PROBLEM STATEMENT
From the first line of the listing below, retype each line up to and including the one with "Girls Printed Yellow"; pictures stay out.

WORKING DATA
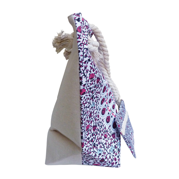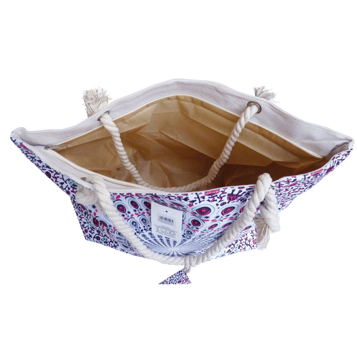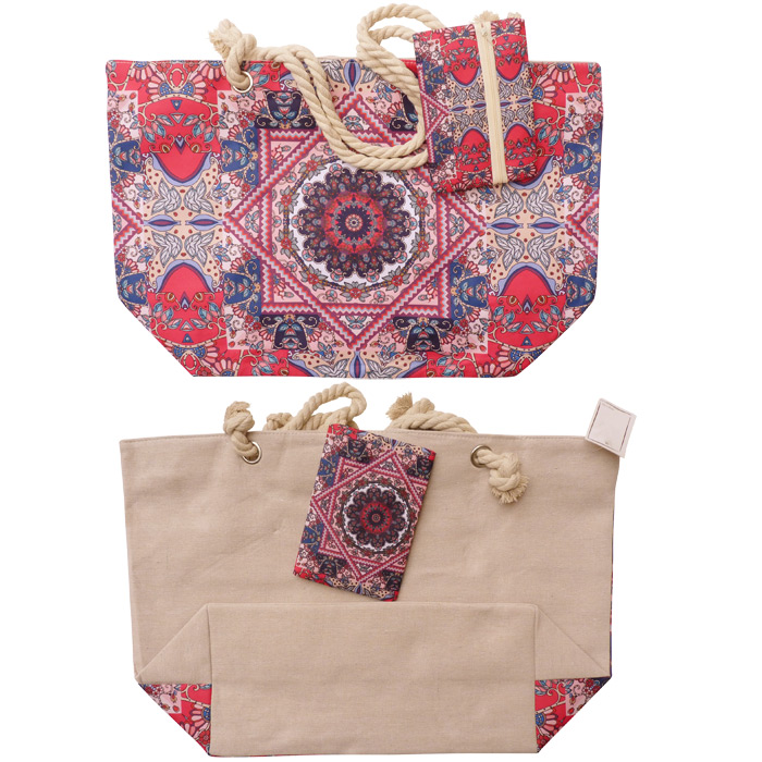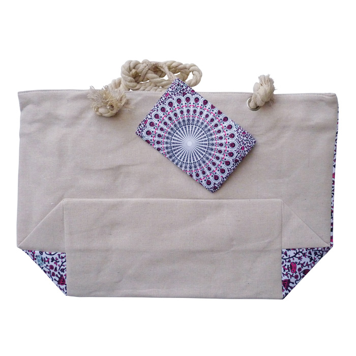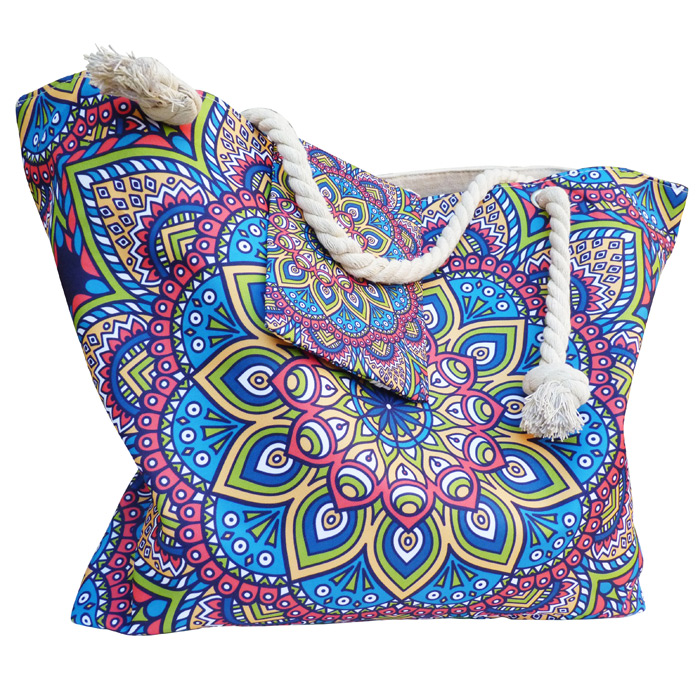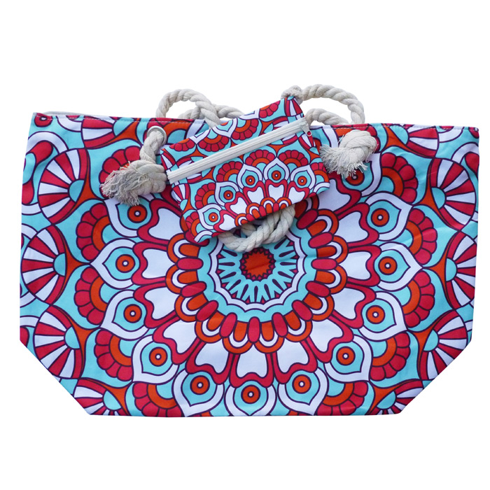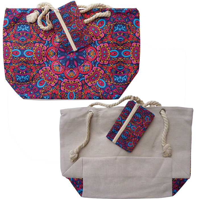 Sac de plage avec petite pochette à fermeture. Bandoulières en corde de marin et nœuds "marins" fermeture éclair sur le haut. Imprimé très colorés et différents avec motif "type mandala", sur un des côtés du sac, le côté opposé toile couleur sable. Doublure à l'intérieur. Lot de 2 pièces motifs aléatoires. Hauteur=36cm, Largeur=56cm , Base=18cm.
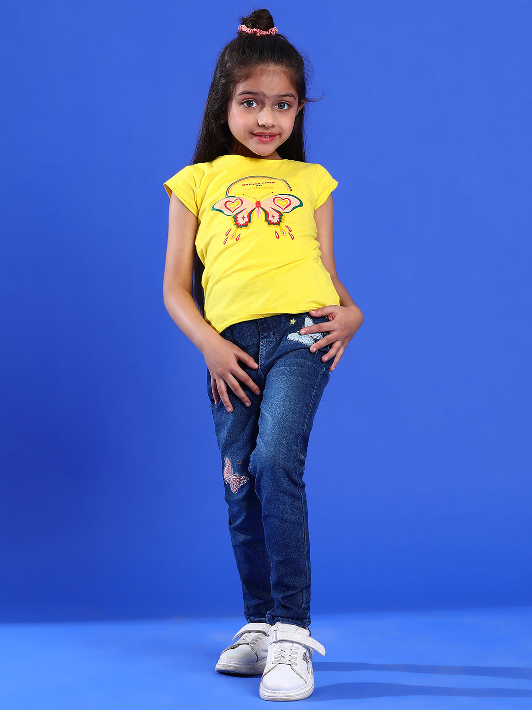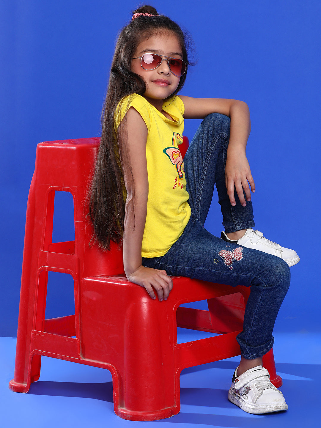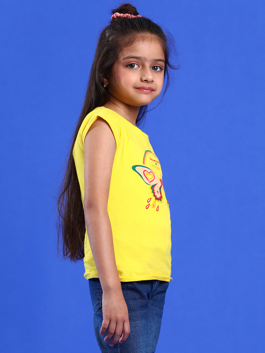 Girls Printed Yellow Cotton Regular Fit T-Shirts
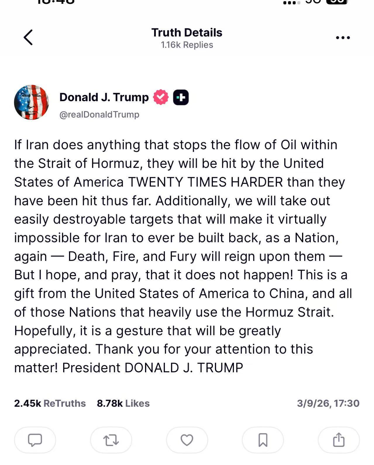 特朗普最新表态: “如果伊朗采取任何阻止石油在霍尔木兹海峡内流动的行动,他们将会遭受美国前所未有的打击,其力度将是迄今为止的20倍。此外,我们将摧毁那些易于摧毁的目标,这将使伊朗几乎不可能作为一个国家再次重建一-死亡、火焰和怒火将降临在他们身上一一但我希望并祈祷这一切不会发生!这是美国送给中国以及所有大量依赖霍尔木兹海峡的国家的一份礼物。希望这一举动能够得到极大的赞赏。感谢您对此事的关注!唐纳德·J·特朗普总统” 很有意思的。 1,又威胁伊朗,如果你怎样怎样,美国打击力度20倍。不知道这个倍数,究竟是怎么算出来的? 2,而且还祈祷,希望不会发生,说得好像很仁慈。那第一天就炸死170个伊朗小女孩,到底怎么回事? 3,更说成是送给中国等国的礼物,美国折腾出来的事情,还成了美国对世界的重大贡献,其他国家还得感恩戴德。不得不佩服,特朗普真会说啊[笑哭]
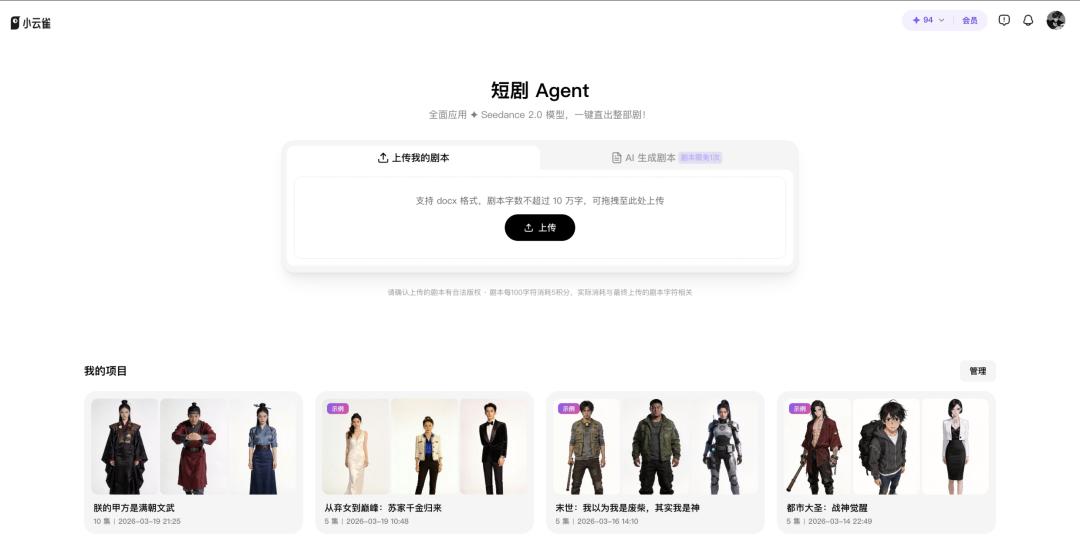 3月19日,字节跳动旗下的小云雀AI宣布上线短剧Agent功能,用户最多可上传10万字剧本,一键生成视频成片。无需真人拍摄、AI全程搞定,零基础用户也能轻松制作专业级短剧,这对普通用户和专业创作机构都将产生重要影响。
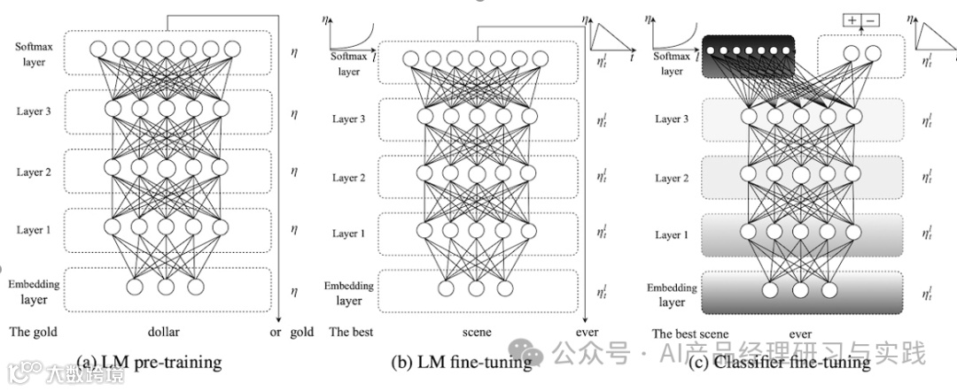 b)完整的LM微调目标任务数据,使用歧视性微调 (“Discr”)和倾斜的三角学习率(STLR)学习特定任务的功能
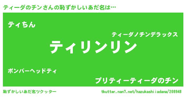 | 男性向けラノベタイトル風あだ名 | 『緋弾のティーダノチン』 |
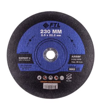 Диск отрезной по металлу FTL Expert II 230 х 2,5 х 22,2 мм A30SBF - расходный инструмент для ручной угловой шлифовальной машины, предназначенный для резки различных изделий из чёрных металлов (чугунов). Конструктивно представляет собой плоский диск (тип 41), поверхность которого покрыта слоем абразивных частиц. Посыпка скреплена между собой бакелитовой связкой и армирована одной стекловолоконной сеткой и тканой подложкой. Поставляется во влагозащитной упаковке. Серия EXPERT II — это эволюция абразивного компаунда общего назначения, оптимизированного для повышенной износостойкости. Новая формула состава предлагает ещё больше универсальности, позволяя работать также по изделиям из нержавеющей стали без искрообразования в случаях, если к качеству состава нержавеющей стали заготовки не предъявляются высокие требования. Максимальное количество резов достигается при работе с изделиями из чёрных металлов. *ВНИМАНИЕ! В случае повышенных требований к качеству нержавеющей стали заготовок не рекомендуется использовать во избежание перегрева, прижога, окисления, потери эффективности легирующих добавок - например, при резе элементов ответственных конструкций.
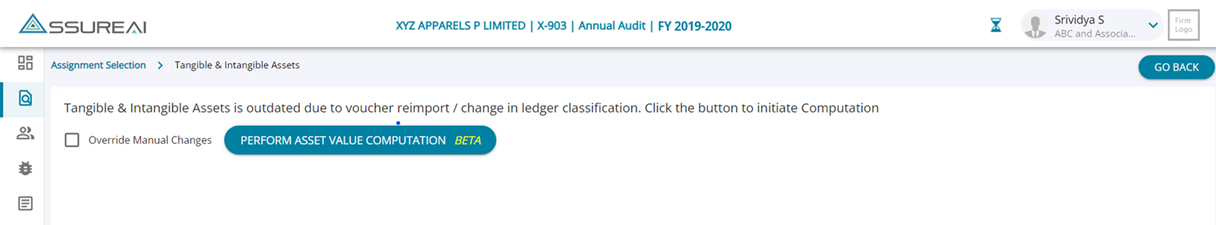 1. During subsequent visits to the Tangible and Intangible assets table if the user has made changes to the books by adding manual vouchers or has re-imported JSON or has changed mapping , the system requires the asset computation to be re-run so if there are changes that impact the assets they can be applied to the table.

TASK SOLUTION
 Sac de plage avec petite pochette à fermeture. Bandoulières en corde de marin et nœuds "marins" fermeture éclair sur le haut. Imprimé très colorés et différents avec motif "type mandala", sur un des côtés du sac, le côté opposé toile couleur sable. Doublure à l'intérieur. Lot de 2 pièces motifs aléatoires. Hauteur=36cm, Largeur=56cm , Base=18cm.
 Girls Printed Yellow Cotton Regular Fit T-Shirts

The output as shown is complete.